The biggest crises in recent U.S. history have been caused by challenges that nobody saw coming.
No one expected terrorists to fly jetliners into iconic American buildings in 2001, and no one predicted that the worst global pandemic in a century was on our doorstep 18 years later.
Lack of imagination in both cases led to subpar responses.
So it probably isn’t a good thing that nobody in Washington seems to worry much anymore about the possibility of a crisis leading to nuclear war.
Outside the fraternity of practitioners charged with sustaining America’s nuclear force, the number of experts who have something useful to say about strategic deterrence is remarkably small.
After all, nuclear war is the one threat that could destroy our civilization before sundown.
Against that backdrop, the Air Force on July 1 awarded a contract to Raytheon Technologies for development of a new air-launched nuclear system.
It is called the Long-Range Standoff (LRSO) weapon, and it is designed to help U.S. bombers penetrate heavily defended airspace in the event of a nuclear exchange.
The plan, as with other U.S. nuclear weapons, is that by fielding a potent strategic system, Washington will convince potential enemies there is nothing to be gained and a great deal to be lost in contemplating aggression.
The U.S. maintains a “triad” of long-range nuclear systems—submarine-based ballistic missiles, silo-based ballistic missiles, and manned bombers—that assures retaliation if such aggression occurs.
LRSO is designed to guarantee that the bomber “leg” of the triad can support its part of the deterrence mission by providing a stealthy, low-flying weapon that reliably penetrates air defenses even when the bombers carrying them cannot.
Although the nuclear cruise missiles currently carried on U.S. bombers are rapidly approaching obsolescence, some critics have questioned whether it is necessary to buy LRSO with the other parts of the triad also being modernized.
The answer is yes, mainly because even the most advanced bombers may face formidable defenses in the future, and it isn’t feasible for each bomber to attack multiple remote targets without a weapon that can extend its reach.

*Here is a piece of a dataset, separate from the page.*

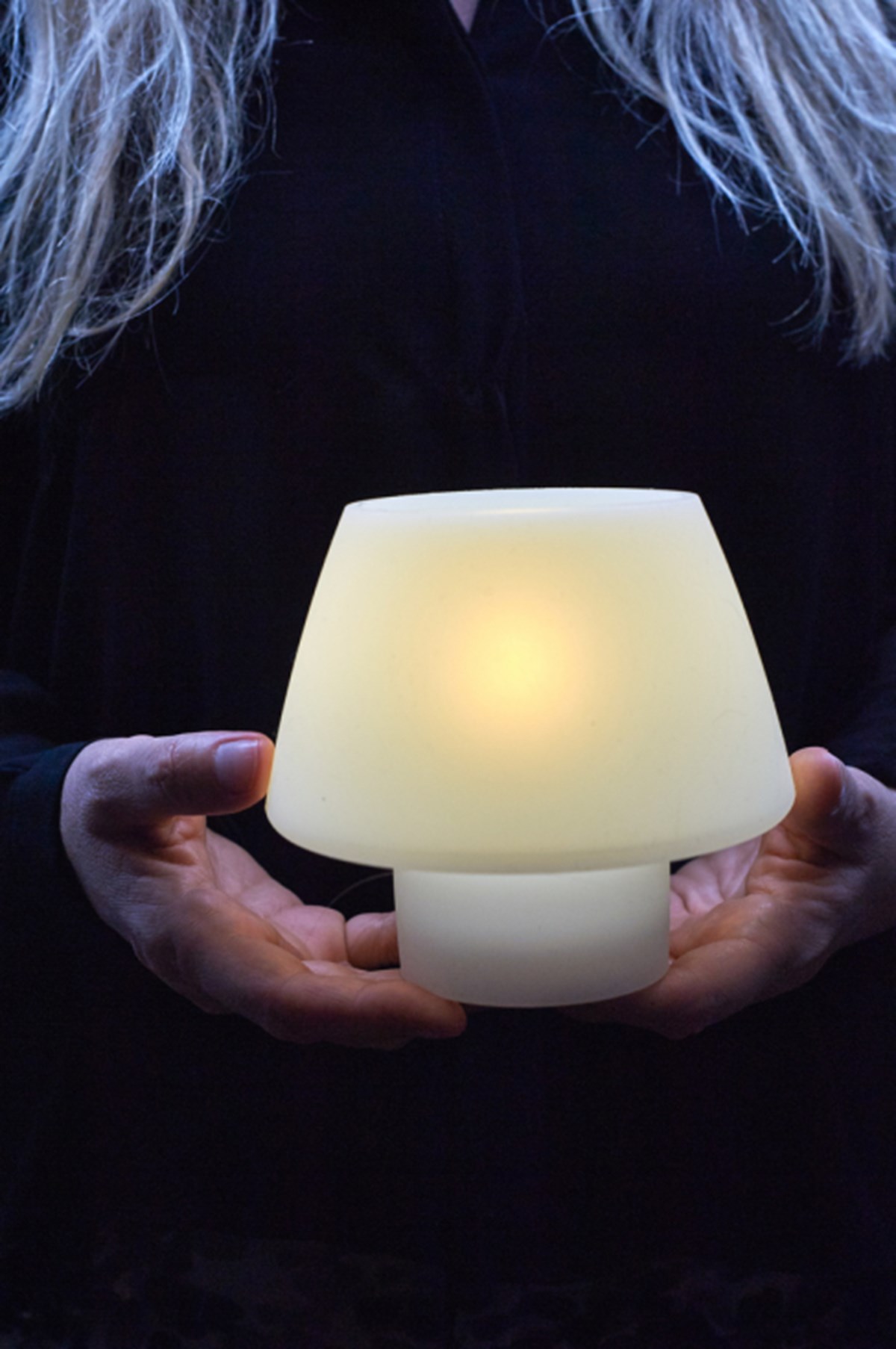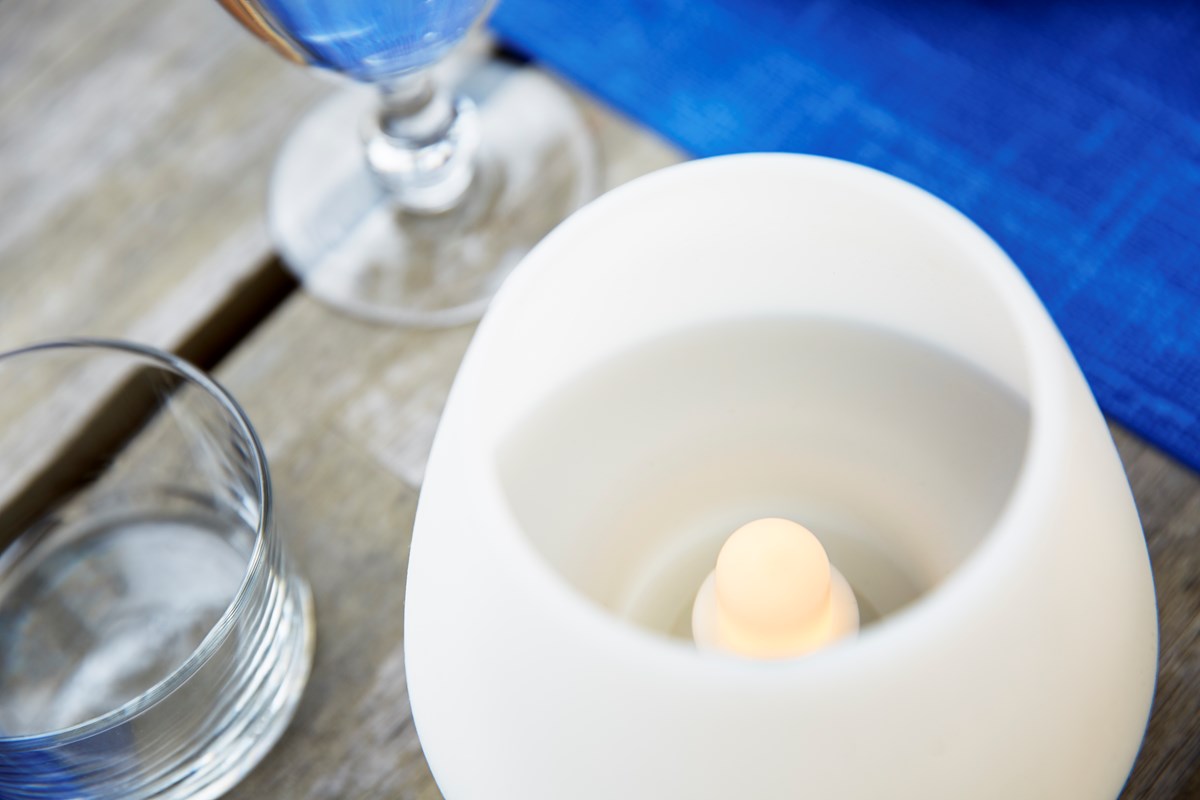 Skapar ett varmt ljus och bidrar till en stämningsfull miljö både inomhus och utomhus. Tillverkad av vit silikon. Mått: 123 x Ø129 mm.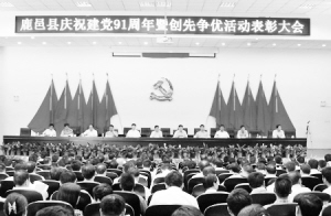 本报讯(记者 杜少华 文/图)6月25日,全县庆祝建党91周年暨创先争优活动表彰大会召开。热烈庆祝中国共产党成立91周年,大力表彰近三年来全县创先争优活动中涌现出来的先进基层党组织、优秀共产党员、优秀党务工作者和优秀村党支部,认真总结创先争优活动的好做法、好经验,并结合正在全县开展的“作风转变暨环境创优”活动,对如何巩固创先争优活动成果进行安排部署。鹿邑县委书记陈志伟出席会议并作重要讲话。

Air Force officials say that the vast majority of strategic targets assigned to bombers in any nuclear exchange would need to be addressed using standoff weapons like LRSO.
But that is only half the reason why the new weapon is needed.

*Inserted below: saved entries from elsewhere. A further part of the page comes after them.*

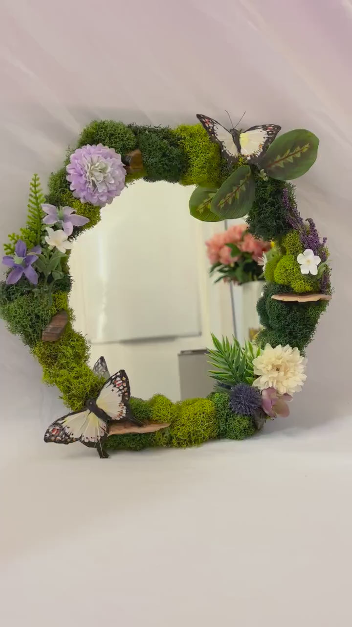 Preserved Moss Mirror – Butterfly Fairy Crystal Mirror Art (White & Purple)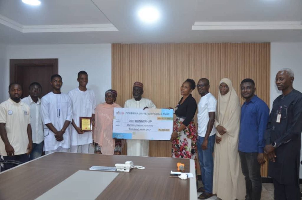 Team Waste2Light of the Federal University of Technology, Minna has emerged 2nd Runner-Up at the 2025 Coderina University Challenge (COUCH) held in Abuja, winning a cash prize of ₦1.5 million. The team presented their cheque to the Vice-Chancellor, Prof. Faruk Adamu Kuta, on Tuesday, December 2, 2025, at the Main Campus.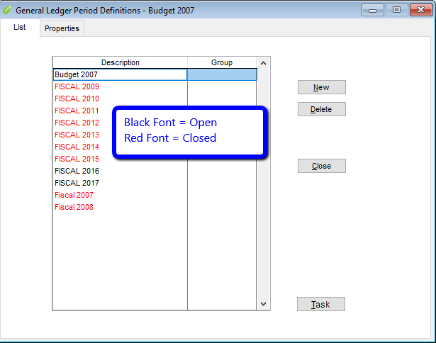 Both fiscal and budget periods are setup in this component. The period may be the usual 12 month year or a lesser number of months.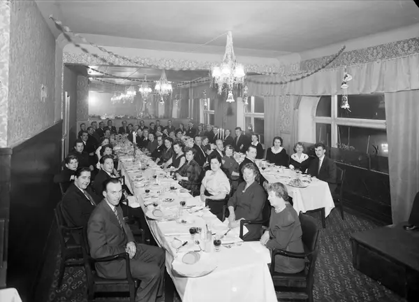 restaurant Original Pilsen, interiør, Brødrene Londons julebord, langbord, oppdekning, kvinner, menn
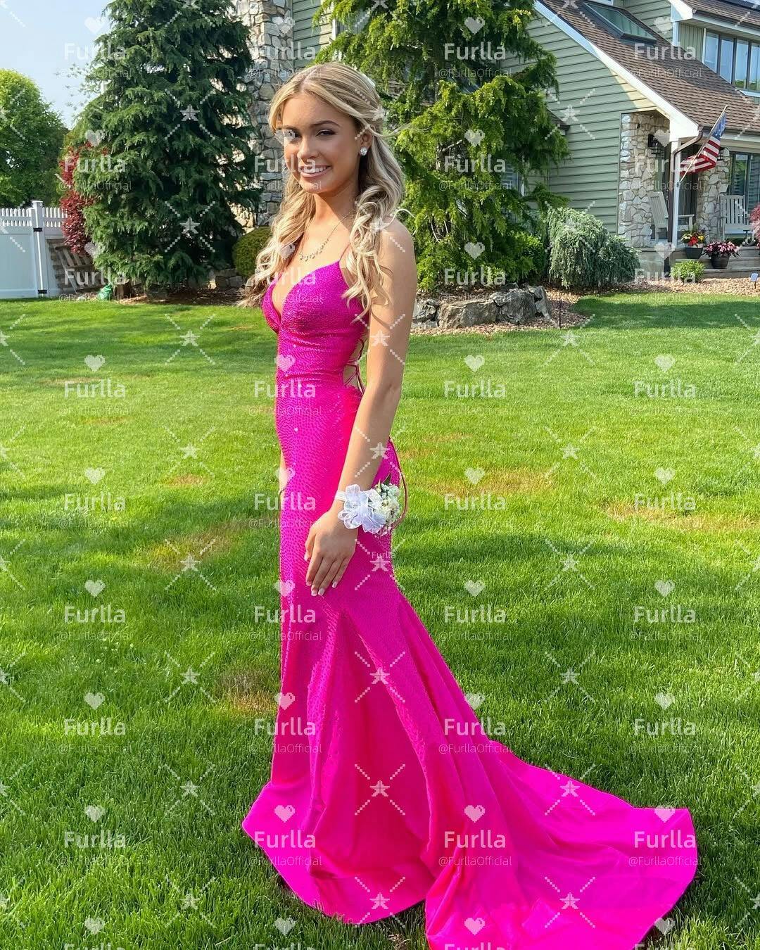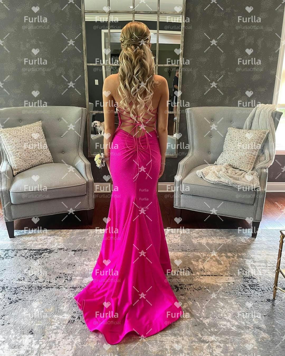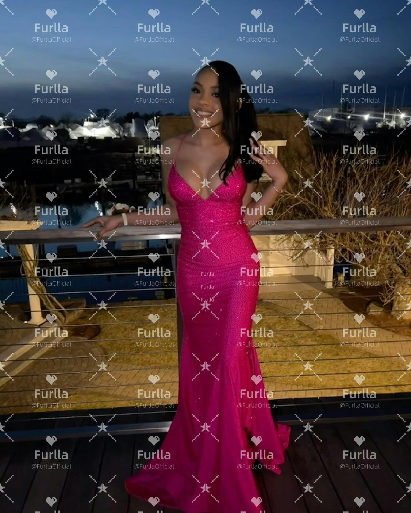 Shine bright in this sparkly mermaid party dress. Featuring delicate spaghetti straps and a figure-hugging mermaid silhouette, it beautifully accentuates your curves. Crafted in vibrant hot pink, the long skirt is adorned with sparkling beadwork that catches the light with every step. Perfect for parties, evening events, or special occasions, this dress blends bold color with glamorous elegance.

There is a weakness in the ballistic-missile legs of the triad that seldom is discussed publicly, but could prove critical in a crisis.
Once you launch a ballistic missile, it’s gone.
It isn’t coming back.
The ballistic missiles in the U.S. nuclear deterrent can’t be recalled, or retargeted, or disabled once they are launched.
So in a crisis, such as a Russian invasion of Eastern Europe, the U.S. doesn’t have many options for using its intercontinental ballistic missiles or their undersea counterparts.
It can either launch them, or threaten to launch them.
There is no middle option where the silos or submarines can be visibly moved to signal resolve.
Quite the opposite: opening the silo doors or surfacing the submarines would invite an immediate attack.
Bombers aren’t like that.
They take hours to reach their targets, and therefore can be launched well in advance of any actual strikes to signal how seriously Washington views a provocation.
The dispersal of bombers to remote bases and dispatch on attack vectors, which can be monitored by enemies, would be a powerful signaling mechanism in any crisis.
But unlike in the case of the ballistic missiles, the bombers can be launched and then recalled.
They can be retargeted.
Thus, they are intrinsically more flexible in a crisis.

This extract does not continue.